Perhaps surprisingly, self-care is not super easy for me. Most of the time, I manage to follow the priorities I set for myself, so my life feels like it’s in accordance with what I want. This may be relatively easy for me because I’m an Upholder according to Gretchen Rubin’s Four Tendencies framework, which means that I meet my own expectations as easily as I meet other people’s expectations. But that doesn’t apply with equal strength to everything.
One major point of difficulty is self-care. Self-care is a popular topic right now, being discussed by life coaches, health professionals, and writers. You might think that, as an Upholder, I wouldn’t struggle with this, but that’s not the case. I admit that I find it easier to do things for myself (such as find time to exercise or set aside me-time) than some other people, but that doesn’t mean it’s completely easy.
A week ago, I had a funky experience. I was doing my thing around the house, getting ready for work, when I got a sudden, sharp pain in my belly. Not a great thing when you’re pregnant. A few seconds later it went away, so I continued going about my business, but then it came back again. I thought it might be something, so I lay down and called my obstetrician. She told me to lie down for 20-30 minutes or until it goes away. She said it’s not super worrisome, but I should try to prevent it from happening.
After speaking to her, the first thing that crossed my mind was, “Lie down for 30 minutes?! But I have a plan for today, I have work to do!” My mind was in go-go-go mode, and I didn’t want to lie down, but apparently my body needed me to pause. When self-care became non-negotiable, I obliged, but it would have never happened otherwise.
Take breaks (again…)
Along the same line, I’ve known for a long time that I should take frequent breaks from sitting for the health of my back. Did I do this regularly in the past? Not really. I’d set a timer for 25 minutes and mean to get up and walk around when it went off, but it was so much easier to keep working–it’s just unpleasant to be interrupted. So I’d end up ignoring the timer and only getting up when I got stiff.
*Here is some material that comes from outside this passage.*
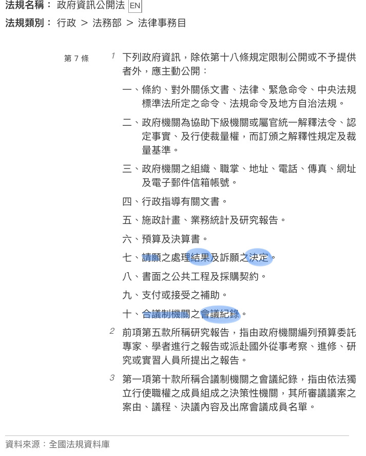 本題關鍵字=>訴願審議委員會為內部單位,僅合議制機關之會議記錄應主動公開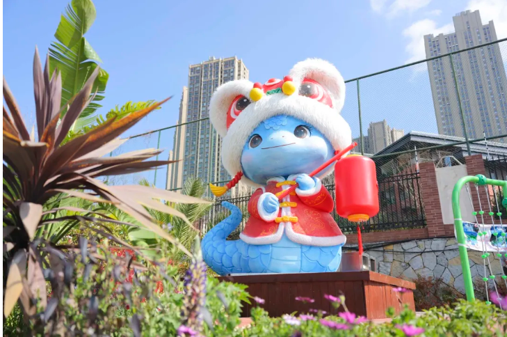 深受网友喜爱小蛇,头顶牡丹身上有祥云等图案,寓意吉祥如意。周围放置了石榴花、灯笼以及一些官渡元素超萌超可爱。

As I described in a post last week, pregnancy has forced me to change this behavior. Since my back is getting much more tired now, I really do get up when that timer goes off (okay, most of the time I do…) and walk around. But I’m only doing this because of the real possibility that I may get a trapped nerve in my back if I continue sitting all day without breaks. Again, the circumstances have made it unavoidable that I have to take care of my back.
Get more sleep (finally)
Big surprise: I’ve been needing more sleep since I got pregnant. I sleep 8.5-9 hours a night, and if I sleep any less, I wake up tired and groggy. This is crazy! 7.5-8 hours of sleep used to be fine, but that just doesn’t cut it anymore.
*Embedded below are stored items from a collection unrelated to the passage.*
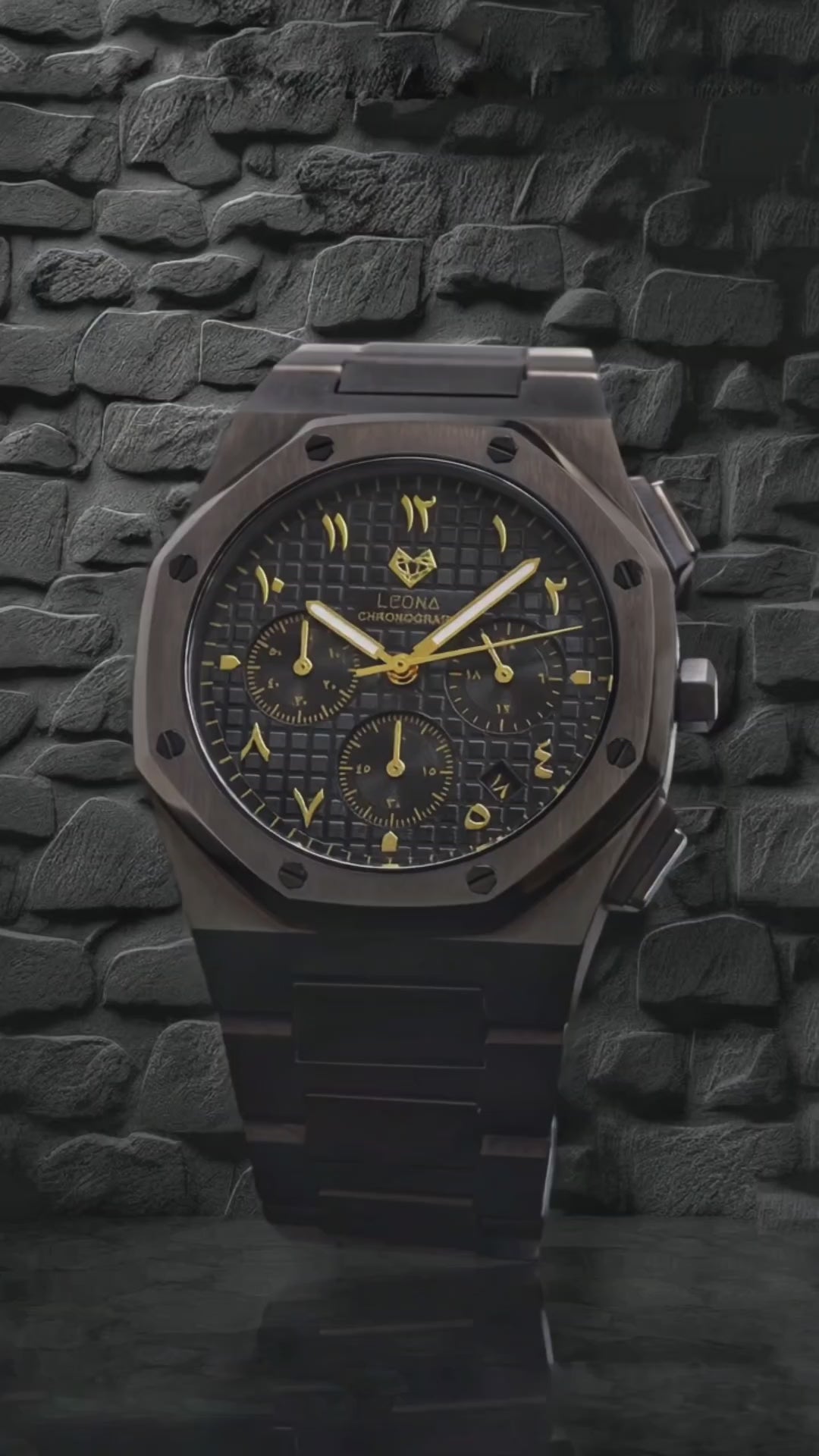 تعبير جريء عن الأناقة والفخامة. تخلق المينا باللون الأسود مع الأرقام العربية الذهبية تباين قوي، مما يمنح حضور مميز وراقي.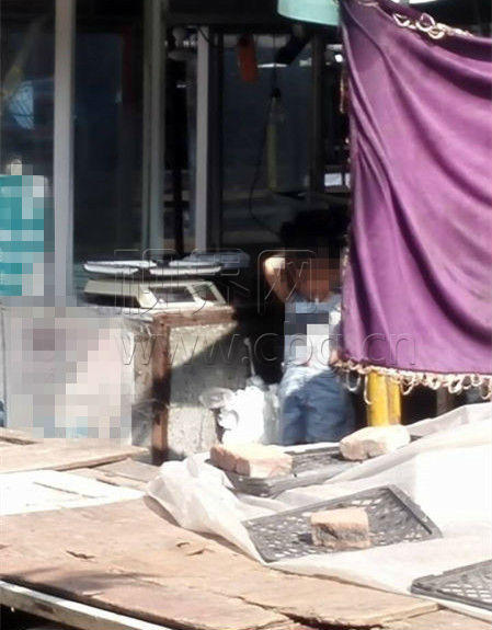 就在記者轉(zhuǎn)身正準(zhǔn)備走開(kāi)時(shí)候,記者發(fā)現(xiàn)小女孩又把藏在身后的香煙熟練的叼在嘴巴上,徑直走進(jìn)了菜販的攤位里面,在里面繼續(xù)抽煙。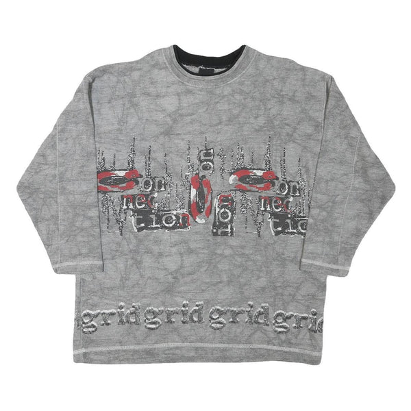 This JINGLES Mens sweatshirt features a grey cotton blend fabric with a unique graphic print across the chest and along the hem. The front displays abstract text designs in black, white, and red tones, adding artistic flair to the casual pullover. The colour is a soft grey with a subtle marbled texture giving it a distinct look.

At first, I tried to make it through the day with my usual amount of sleep and maybe catch a little snooze for 15 minutes after lunch. Nope, that didn’t work; I was just irritable and tired.
So now I’m making sure I get more sleep. I start my bedtime routine at 21:00, get in bed at 22:00 (or 22:30 at the latest), put on my sleep mask and earplugs, and sleep until 7:00! I feel like a boring person for going to bed so early, but it makes such a big difference to wake up rested. I decided to enjoy good sleep for now while I still have the opportunity.
Is self-care selfish?
I keep wondering why it is so difficult to take care of ourselves even when we know we should. We all know we should make time for our own needs and health, but it feels harder to do that than to work, clean the house, or help a friend, for example.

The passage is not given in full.